**ASSIGNMENT**
Produce the lines from the one containing "Raise ist ein" through the end of the material exactly as they appear, both ends included, and leave the pictures out.

**SOURCE DATA**
__________

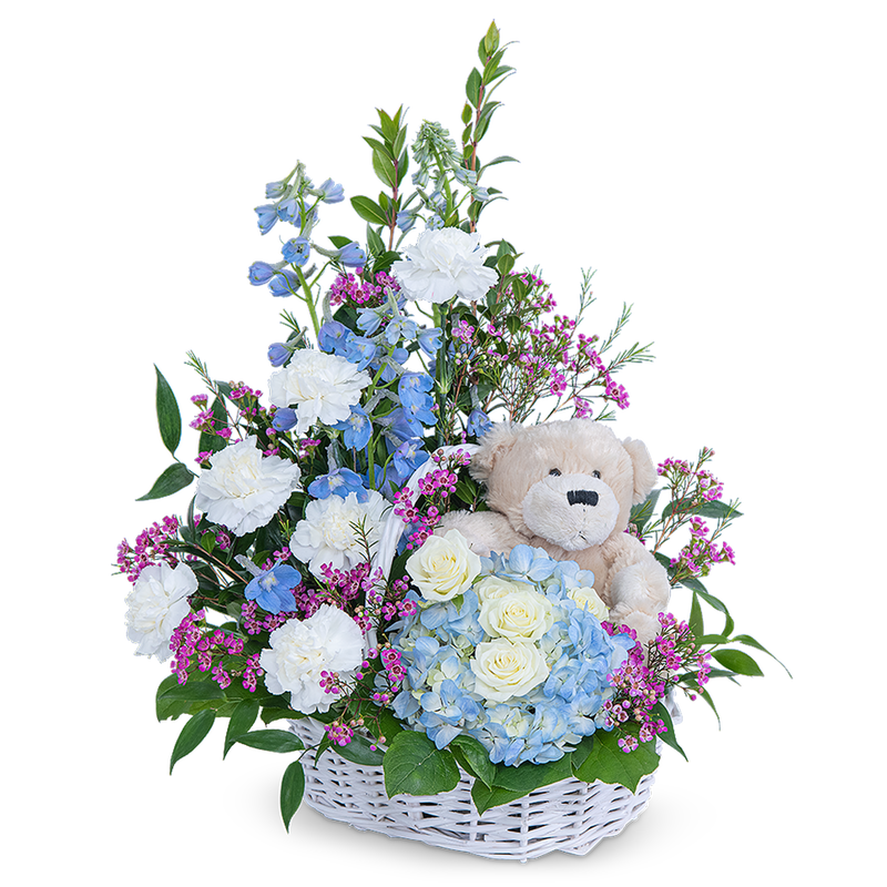 Sweet Solace Basket features spray roses, Carnations, Hydrangea, Delphinium, Waxflower, other premium foliage, and a keepsake stuffed bear tucked sweetly into a classic white basket. Sweet Solace Basket is the perfect sympathy design to send to a funeral or a grieving family to let them know their little angel will be forever remembered.
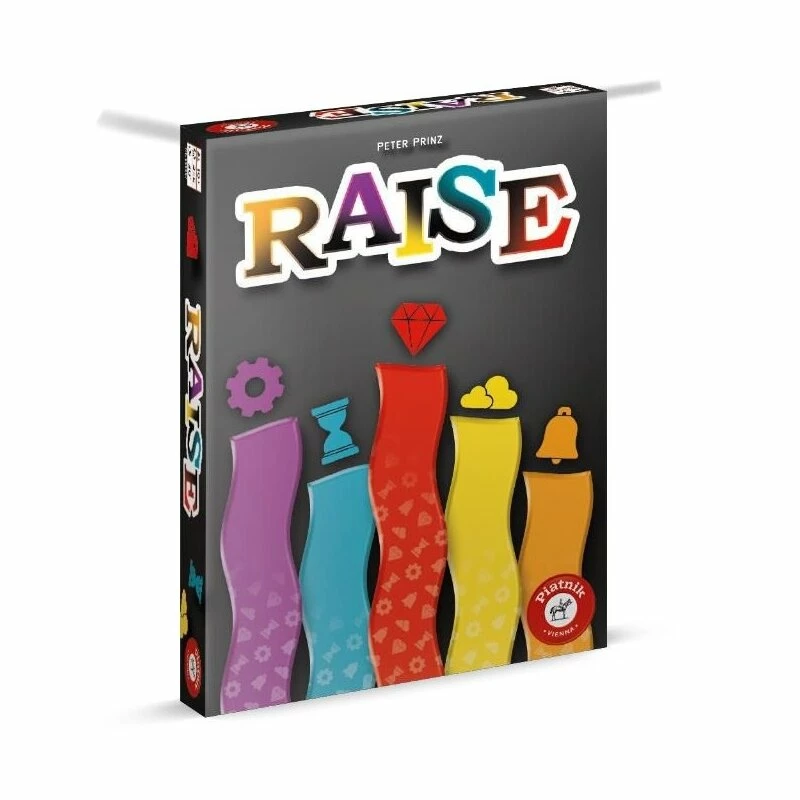 Raise ist ein abstraktes Familienspiel mit 7 Spezialwürfeln und 165 Karten.
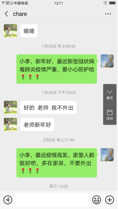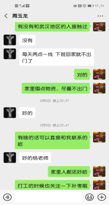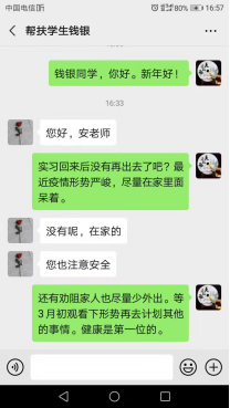 打响疫情防控战以来,纪委办、监察室、巡察办党支部所辖部门及全体职工按照学校要求,根据学校疫情防控工作领导小组工作部署,认真完成疫情防控各项任务安排。考虑到结对助学的学生们都处于实习阶段,有些同学可能在外实习,没有返回家中,纪委办、监察室、巡察办党支部党员们在疫情发生后,通过微信积极主动与结对助学学生联系,了解学生及家人近况,向学生宣传、介绍防御新型冠状病毒的相关政策和科学知识,疏导学生紧张情绪,将助学工作落到疫情防控工作实际中。
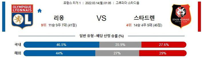 [리그앙] 3월 14일 리옹 vs 스타드렌

__________

**ANSWER**
 Raise ist ein abstraktes Familienspiel mit 7 Spezialwürfeln und 165 Karten.
 打响疫情防控战以来,纪委办、监察室、巡察办党支部所辖部门及全体职工按照学校要求,根据学校疫情防控工作领导小组工作部署,认真完成疫情防控各项任务安排。考虑到结对助学的学生们都处于实习阶段,有些同学可能在外实习,没有返回家中,纪委办、监察室、巡察办党支部党员们在疫情发生后,通过微信积极主动与结对助学学生联系,了解学生及家人近况,向学生宣传、介绍防御新型冠状病毒的相关政策和科学知识,疏导学生紧张情绪,将助学工作落到疫情防控工作实际中。
 [리그앙] 3월 14일 리옹 vs 스타드렌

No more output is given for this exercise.